FIG. 1 illustrates a perspective view of a pedal board bonding system 100, in accordance with an embodiment of the present disclosure. The pedal board bonding system 100 may include a pedal board 101 and a plurality of effect pedals 102-112. The pedal board 101 may hold one or more effect pedals of the effect pedals 102-112. The ordering of the effect pedals 102 may affect the output signal; when the effect pedals are rearranged, the output signal changes based on the position that an effect pedal is located on the pedal board 101 or based on the other types of effect pedals that are positioned on the pedal board 101. For example, effect pedal 102 is switched with effect pedal 108, the output signal will be different from the output signal produced by the configuration shown in FIG. 1. Each of the effect pedals 102-112 are attached to the pedal board 101 via one or more pedal board attachment layer 114. For example, the pedal board attachment layer 114 may include vinyl sheet, a nano tape, or a magnet system, as discussed above. In some embodiments, all the effect pedals 102-112 may be coupled to a single pedal board attachment layer 114 or various combinations of pedal board attachment layers 114. For example, the pedal board attachment layer 114 may include a vinyl sheet that is attached to a bottom surface of each effect pedal 102-112. When a separate pedal board attachment layer is attached to an effect pedal 102-112, that pedal board attachment layer may be referred to herein as a pedal attachment layer. In some embodiments, the pedal board attachment layer 114, which may include a vinyl sheet, may also be attached to the top surface of the pedal board 101. For example, the top surface of the pedal board 101 may have one or more vinyl sheets attached to it. As such, there may be multiple pedal board attachment layers 114 sandwiched between an effect pedal (e.g., effect pedal 102) such that the stack includes a pedal board 101, a pedal board attachment layer with a bottom surface of the pedal board attachment layer being directly adjacent to a top surface of the pedal board, a pedal attachment layer with a bottom surface of the pedal attachment layer being directly adjacent to a top surface of the pedal board attachment layer, and an effect pedal where the bottom surface of the effect pedal is directly adjacent a top surface of the pedal attachment layer.

FIG. 2A illustrates a side view of an effect pedal 200, which may be any of the effect pedals 102-112 of FIG. 1, in accordance with various embodiments of the present disclosure.
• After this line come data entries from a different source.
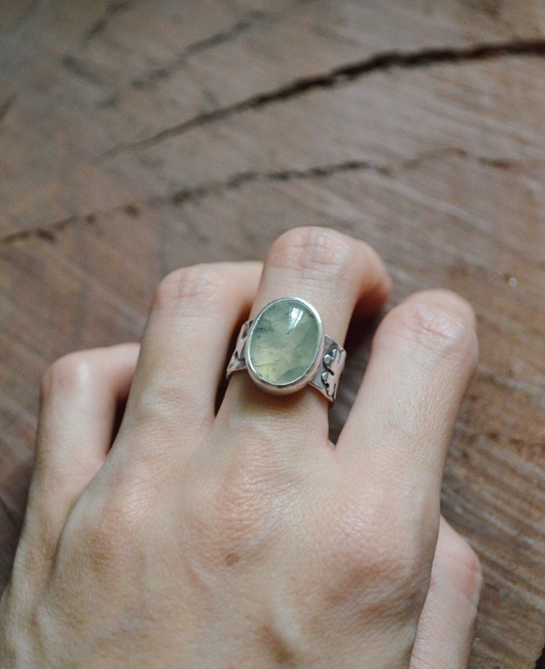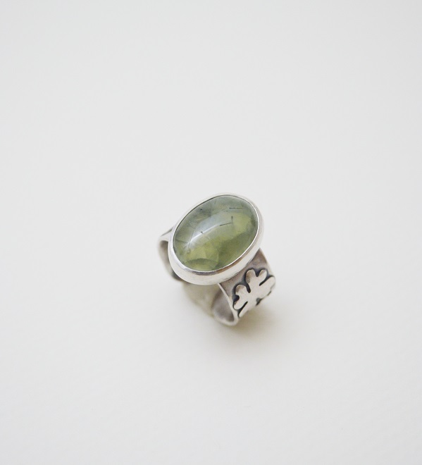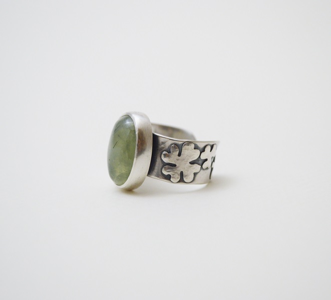 [幸運草-葡萄石‧復古風格硫化純銀寬版開放戒圍戒指‧1 Clover – Prehnite‧Oxidized Silver Vintage Style Wide Open Ring‧1]
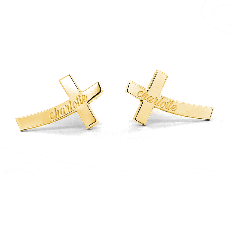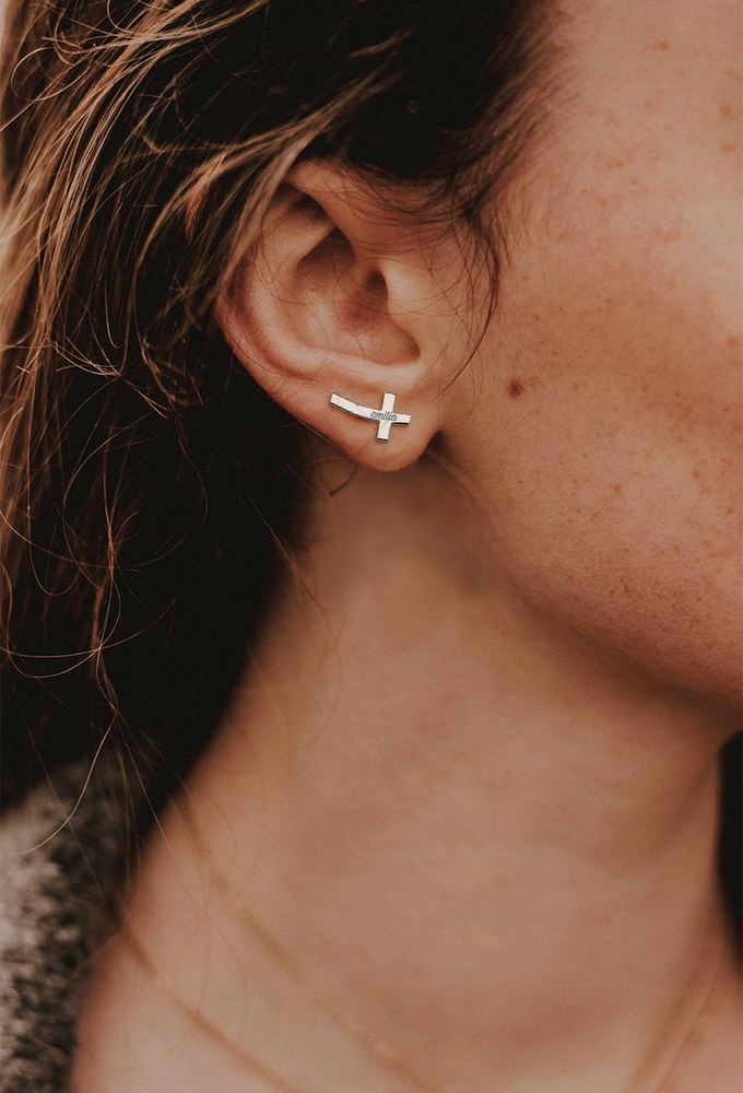 Pair Of Personalized Sideways Cross Stud Earrings
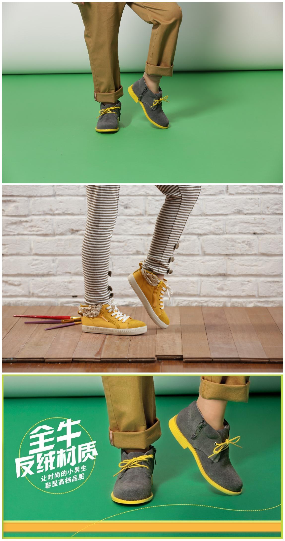 另一款新品采用牛反絨材質,結實的同時也緊跟時尚潮流,自然色系的鞋面及亮色鞋底讓人眼前一亮,突破沉悶感和厚重感,讓孩子酷勁十足。
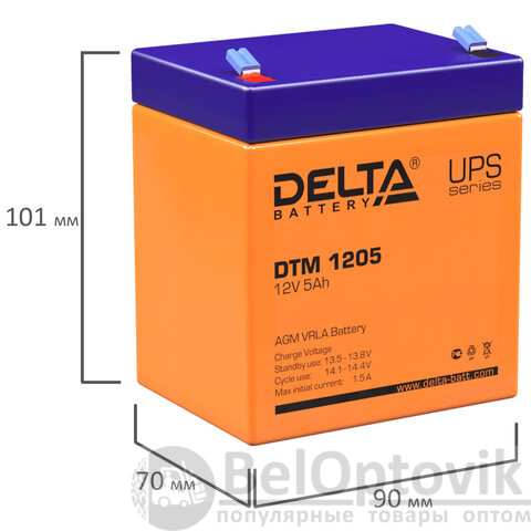 Аккумуляторная батарея для ИБП любых торговых марок, 12 В, 5 Ач, 90х70х101 мм, DELTA, DTM 1205
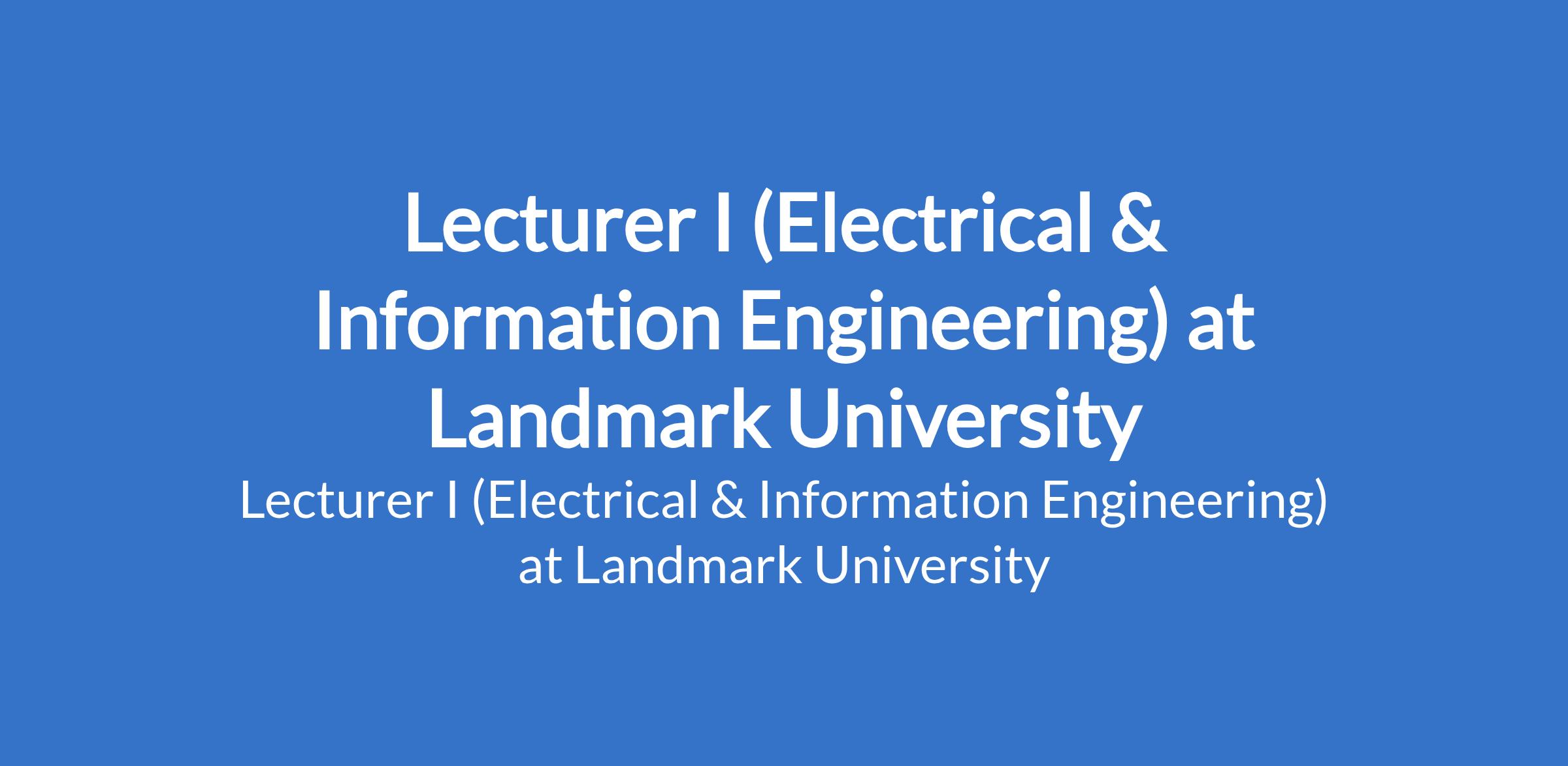 Landmark University invites applications from suitable candidates to fill the position of: Lecturer I (Electrical & Information Engineering). The position is located in Omu-Aran, Kwara State. Interested candidates should possess a Ph.D. Degree from a reputable university, with at least 3 year post-qualification teaching experience, evidence of scholarly publications.
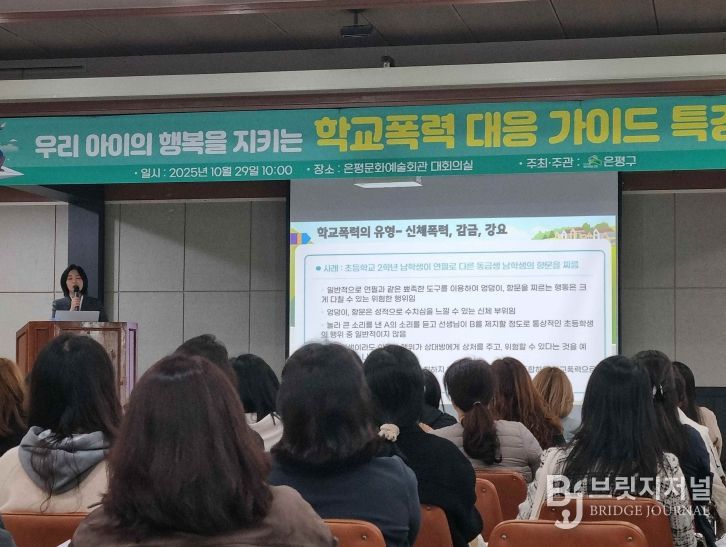 브릿지저널 김경미 기자 | 서울 은평구는 지난달 29일 은평문화예술회관 대회의실에서 학부모, 지역 주민 약 100명이 참석한 가운데 ‘우리 아이의 행복을 지키는 학교폭력 예방 및 대응 학부모 특강’을 개최했다고 밝혔다.
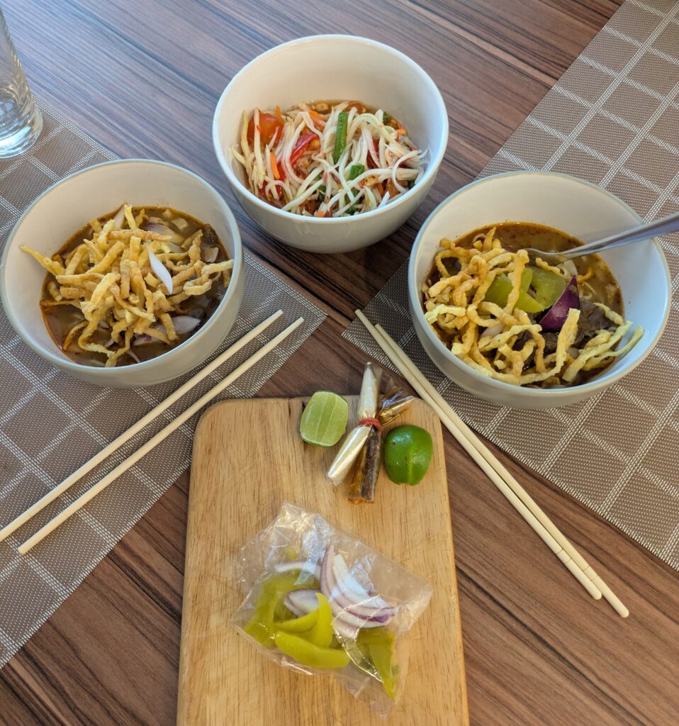 Around 1730, Jeff went out to a local food place and got us some takeaway Beef Khao Soi soup and Green Papaya salad. The soup was good, but the salad had too many dried shrimps making it taste a bit fishy plus it was very spicy. Jeff said he’d told the person a little – to which the person laughed. We finished and took in our laundry. The evening was just relaxing and watching some YouTube.
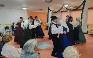 Četrtkovo popoldne so naš prireditveni prostor ogreli člani Folklorne skupine Slavko Šlander iz Celja. Predstavili so plese, ki so značilni za različne slovenske pokrajine. Njihov plesni nastop so obogatili tudi z ljudskim petjem, kateremu so se pridružili tudi stanovalci. [...]
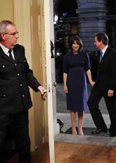 El político conservador y su esposa Samantha llegan al número 10 de la calle Downing, tras acordar un gobierno de coalición con los liberales demócratas Foto Ap
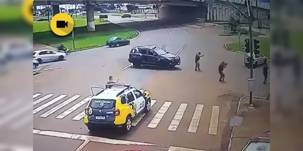 Uma câmera de segurança flagrou o momento em que a equipe do Choque, da Polícia Militar (PM), tentou parar o veículo em que estavam os três suspeitos que morreram durante um confronto com policiais entre Sarandi e Maringá, na tarde de domingo, 17. Os policiais de Maringá foram acionados pelas equipes de Marialva e tentaram fazer o cerco aos suspeitos.
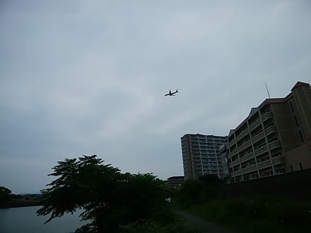 当然轟音が聞こえてきてジェット機が頭の上を通り過ぎました。
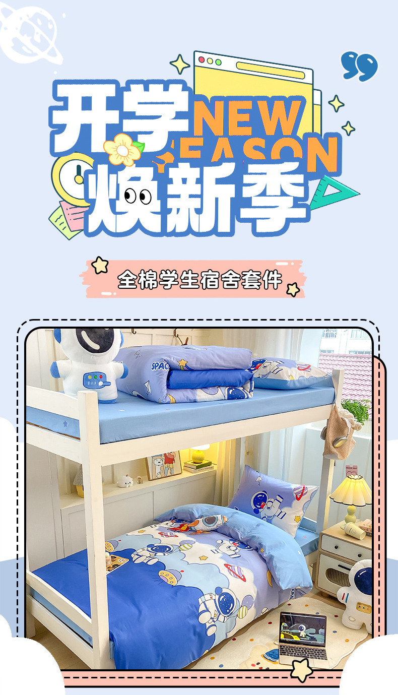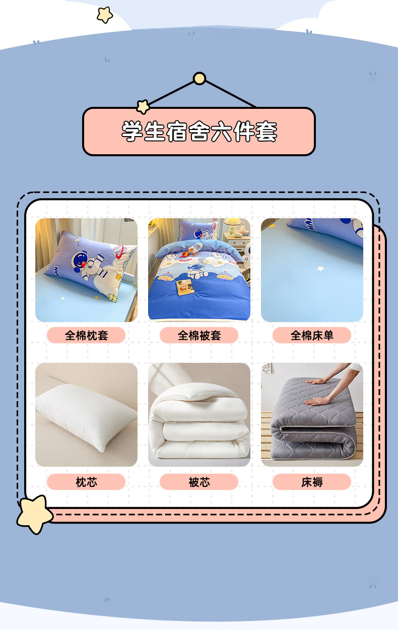 当前位置: 91家纺网 > 商品网购 > 床品套件 > 四件套 > 全棉普通四件套 > 博雅 2025新款全棉纯棉学生宿舍上下铺六件套-宇航员系列 太空漫步
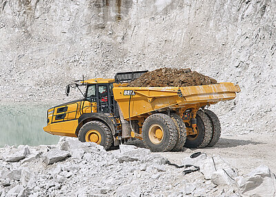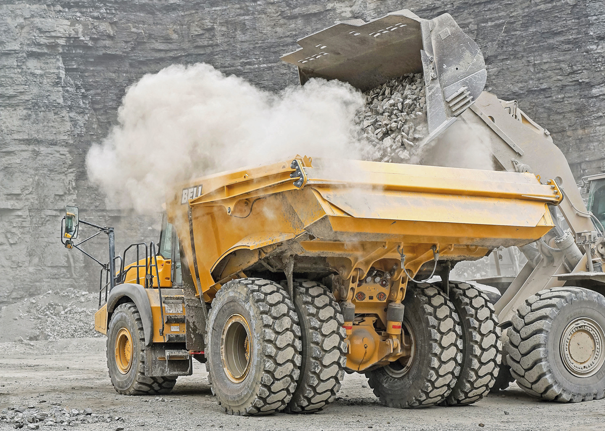 Bereits seit einigen Jahren setzt Kurz Baumaschinen bei seinen Großgeräten konsequent auf die Zusammenarbeit mit Kiesel. Alle schweren Kettenbagger ab ca. 30 t Betriebsgewicht sowie die Großradlader ZW310, ZW330n und ZW370 kommen von Hitachi. Im Ladebetrieb mit den ZX300 bzw. ZX350, den 50- bzw. 70-Tonnern ZX490 und ZX690 sowie dem Großbagger Hitachi ZX890 arbeiten insgesamt 15 knickgelenkte Muldenkipper von Bell Equipment – neben diversen 30- und 40-Tonnern insbesondere auch die dank hoher Nutzlastreserven besonders flexibel einsetzbaren Bell B45E mit nominellen 41 t Nutzlast.
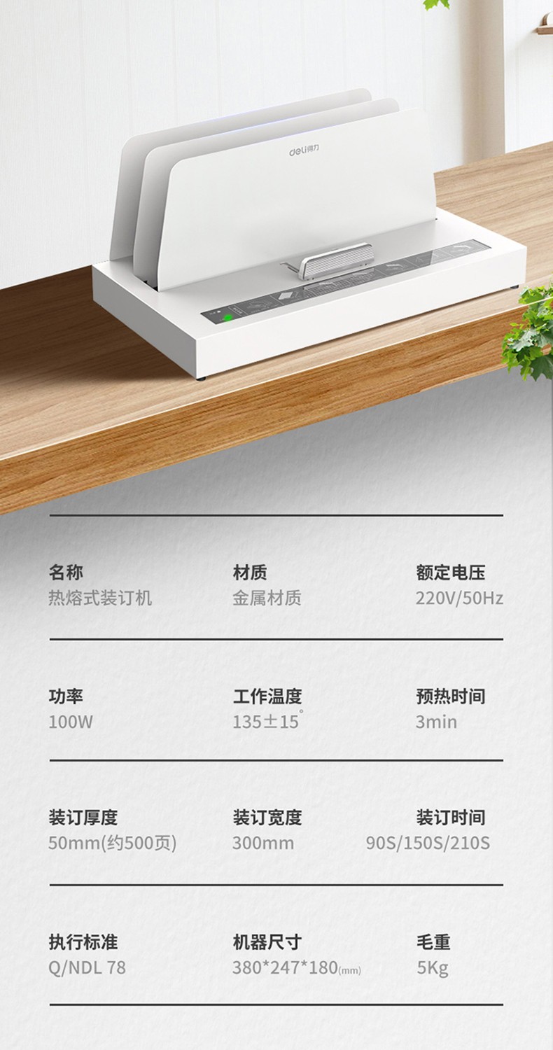 得力(deli) 熱熔裝訂機(jī)合同財(cái)務(wù)會(huì)計(jì)憑證裝訂機(jī)封套膠裝機(jī)全自動(dòng)標(biāo)書 14671熱熔裝訂機(jī)(裝訂厚度40mm)
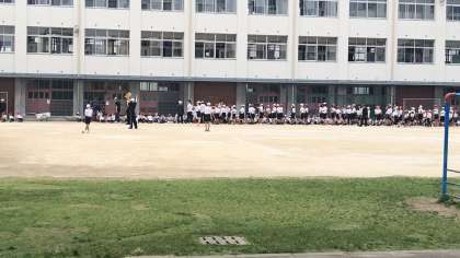 今年度も春日出小の皆さんが体力テストを実施するために来校されました。校舎建て替えも今年の10月で終わるそうです。よかったですね。
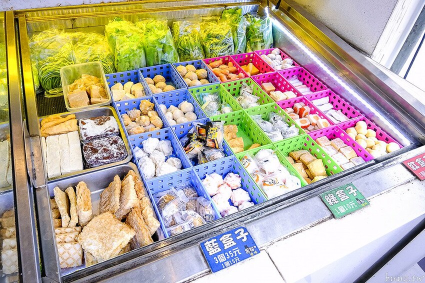 右邊這區主要就是火鍋料,可以看到還會用顏色區分價錢,同價位的排在一起,一目瞭然很容易辨認。
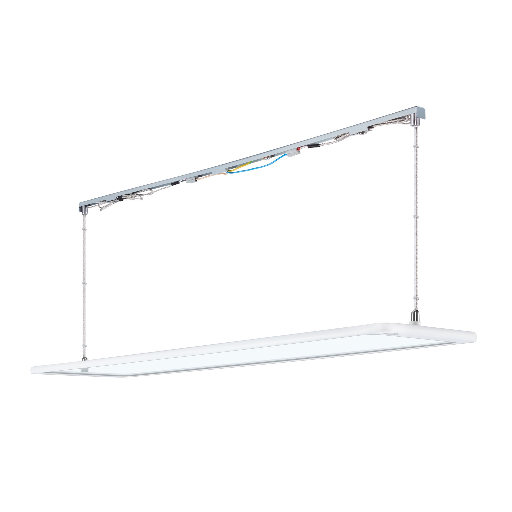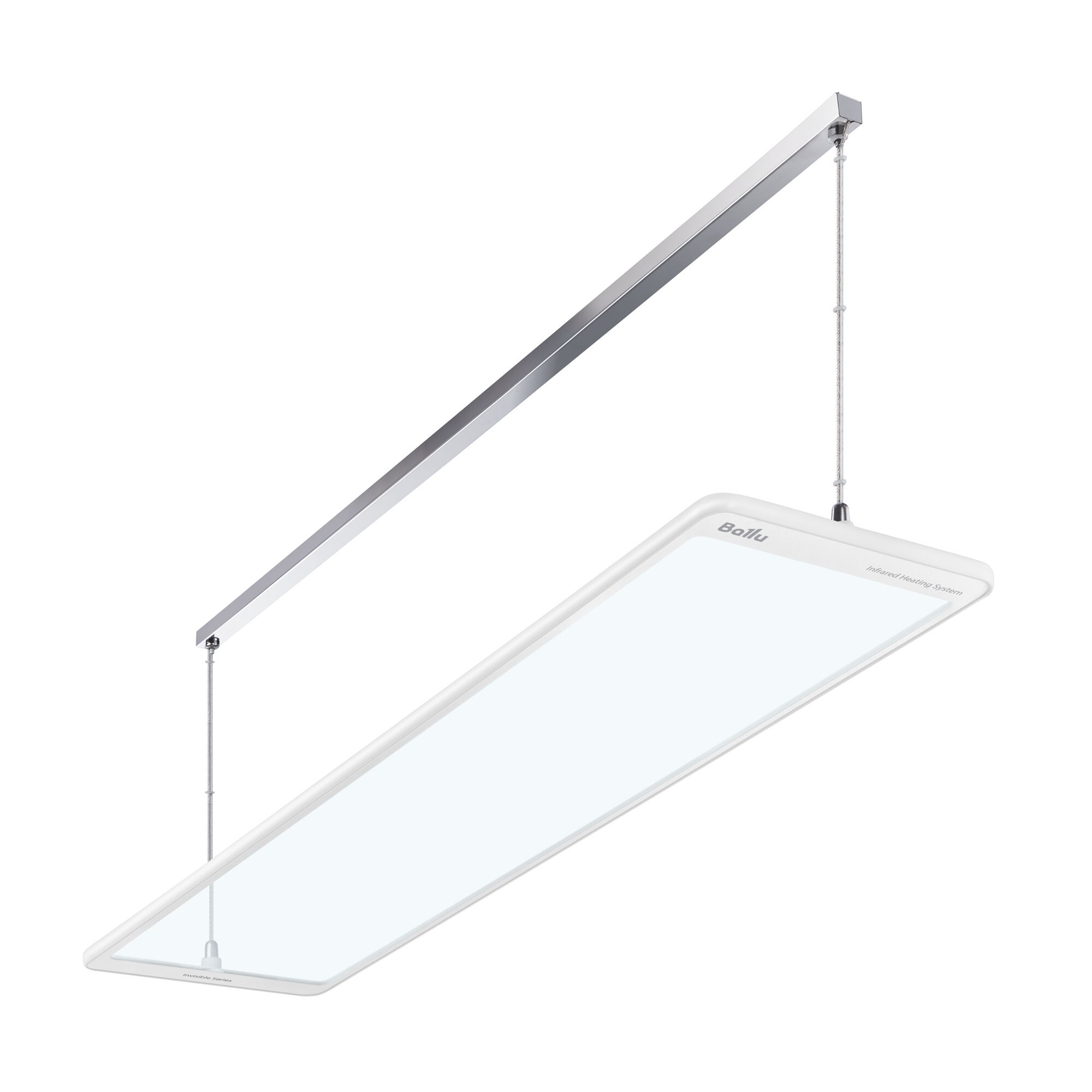 Повышенная степень пылевлагозащиты IP54 допускает применение обогревателей даже во влажных помещениях (ванные комнаты, бани, бассейны). Подвес на тонких незаметных тросах в комплекте.
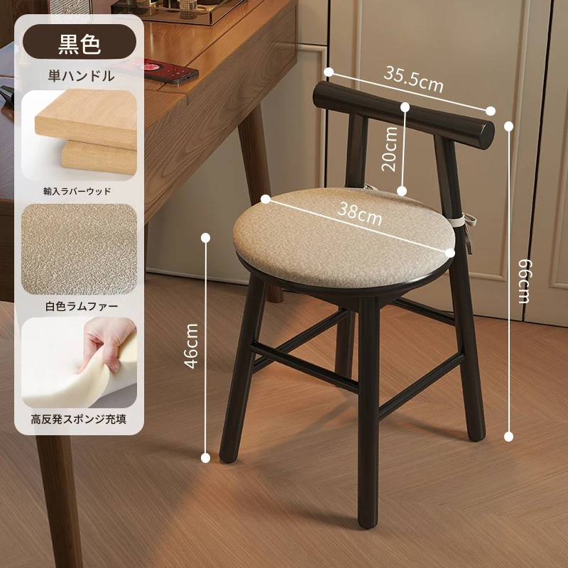 【バタフライドレッシングチェア】無垢材-ブラック色
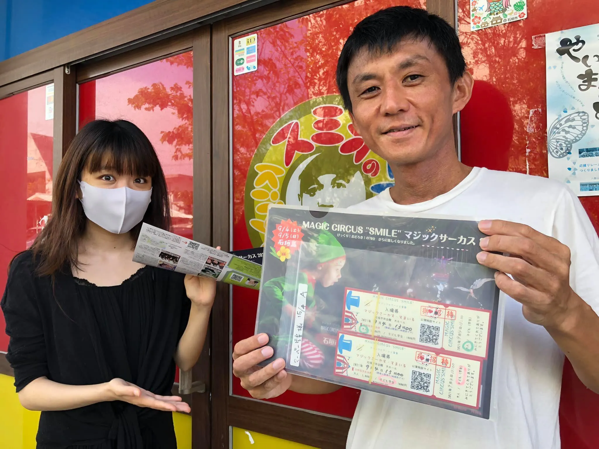 マジックサーカスSMILEのご招待券、マーペー学童の通崎さんはドミトリーまで取りに来て下さいました。

The effect pedal 200 may include a bottom surface 202. In an embodiment, the bottom surface 202 may be smooth or flat If the bottom surface 202 is smooth and flat, then a pedal attachment layer 206 will cling (e.g., bond, adhere, cohere, stick, couple, or connect) to the bottom surface 202. Smoothness of the bottom surface 202 may be measured as the surface roughness of the material comprising the bottom surface 202 of the effect pedal 200. For example, if the surface roughness has an absolute roughness coefficient between 0.5-10.0 micrometers, then the bottom surface 202 may be smooth enough for the pedal attachment layer 206 to cling to the bottom surface 202. For the bottom surface 202 to be flat, the flatness control tolerance may be less than 0.2 mm. The smoothness of the bottom surface 202 should be to such a degree that a pedal board coupling member couples to the bottom surface 202 to provide a van Der Waals force. The force required to remove the van Der Waals force may be less than twice the weight of the effect pedal 200 but, in some embodiments, greater than the weight. If the bottom surface 202 is not smooth or flat, such as the case whenever there may be screws or pins protruding from the bottom surface 202, a padding material 204 may be connected onto the bottom surface 202 that includes a surface smoothness or flatness on its bottom surface to cause the pedal board attachment layer to “cling” to a bottom surface 204a of the padding material. A top surface 204b may be directly adjacent the bottom surface 202 by an adhesive (e.g., dissipative, mechanical, electrostatic, chemical, etc.), or the padding material 204 may be mechanically locked onto the bottom surface 202. A top surface 206a of the pedal attachment layer 206 may then be attached to the bottom surface 204a of the padding material 204 or the bottom surface 202 of the effect pedal 200.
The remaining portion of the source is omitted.